For symptoms of peripheral arthritis, the disease-modifying antirheumatic drugs (DMARDs) including sulfasalazine and methotrexate are frequently effective and well-tolerated. Leflunomide has not demonstrated to be that effective in AS, unlike rheumatoid arthritis and psoriatic arthritis.
Prognosis
The prognosis for many patients with AS will be complete spinal ankylosis, while others will experience intermittent flares between bouts of clinical remission. The long-term goal in the treatment of AS is to preserve as much physical functioning, decrease work absenteeism, and maintain a high quality of life.
References
- Braun J, Sieper J. Ankylosing spondylitis. Lancet 2007;369(9570):1379-90.
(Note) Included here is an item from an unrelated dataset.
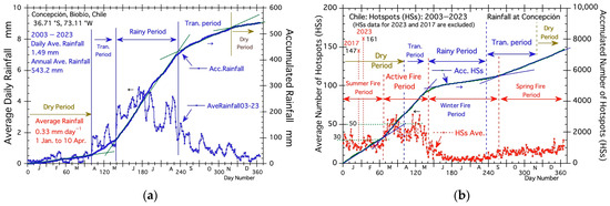 3.1.2. Average Active Fire Season and Rainy Period
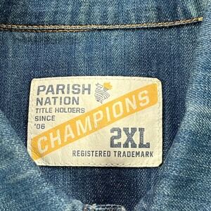 Y2K Denim Jacket Men 2XL Parish Nation Blue Faded Vintage Streetwear

- Reveille JD. Epidemiology of spondyloarthritis in North America. Am J Med Sci 2011;341(4):284-6.
- Dillon CF, Hirsch R. The United States National Health and Nutrition Examination Surveyand the epidemiology of ankylosing spondylitis. Am J Med Sci 2011;341(4):281-3.
- Rudwaleit M, van der Heijde D, Landewé R, Listing J, Akkoc N, Brandt J, et al. The development of Assessment of SpondyloArthritis international Society classification criteria for axial spondyloarthritis (part II): validation and final selection. Ann Rheum Dis 2009;68(6):777-83.